CI

July 9th, 2015

Cochlear_implant

Source: I, Ydomusch, the copyright holder of this work, hereby publishes it under the following licenses: under the terms of the GNU Free Documentation License

Last evening, I attended a lecture. Someone had written a book about his experiences as a child with severe or profound hearing loss and his “new” life with a cochlear implant (CI). Despite great obstacles in his childhood, the author grew up into a positive and lively man.

The lecture was also interesting for me, not just because of networking, but also out of the view of being a potential CI candidate. Luckily, my hearing is stable, but any further loss will mean that my hearing aids will no longer do their job. At some point in my life I expect CI’s to appear. The question is only, “when”? On the one hand, it gives me a peace of mind that there is an alternative should one become deaf. Most of the CI users I know are positive about their experiences with the technology in their ears. There are even people who are implanted at a great age and very much appreciate their new hearing. The technology is currently very well developed and continues to evolve. Both hearing aids and cochlear implants are getting better and cheaper.
Even so, it is hard work and a lot of effort to be able to hear again, even with latest in technology.

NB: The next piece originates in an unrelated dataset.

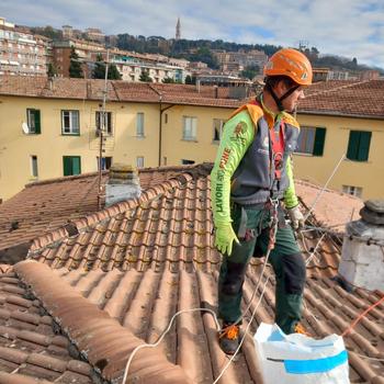 Siamo specializzati per lavori su fune per le manutenzioni in edilizia di tetti, grondaie, pannelli solari, canne fumarie, impermeabilizzazioni, e per la cura delle piante di alto fusto: potature, abbattimenti, interventi rapidi, spese ridotte, e in totale sicurezza.
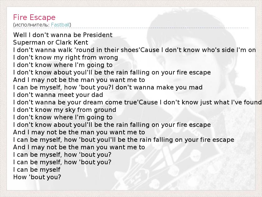 А как ты думаешь, о чем песня "Fire Escape" ?

Why does the thought of a Cochlear Implant frighten me a little? If one threads the electrodes into the cochlea, then there is a chance that the hearing cells that transform sound waves into electrical energy gets destroyed. To become totally deaf, to not be able to hear anything anymore, that is a nightmare for me. Possibly because my hearing loss only occurred later in life and I know what I am losing. My hearing aids still compensate well for my hearing loss and I am still able to function well.

Now I don’t think about this every day. Quite the opposite. I am normally satisfied with what remains of my hearing and don’t worry so much about my future.
However, such a lecture makes one thing. Thoughts such as “how will I decide, and what will happen to me when the time comes?” then come at me. I am certain of one thing. What will come will come! A CI is the my last option, and if I need one or maybe two, then I will have nothing left to lose and will accept it. After all, it is a good alternative to deafness…there are worse things.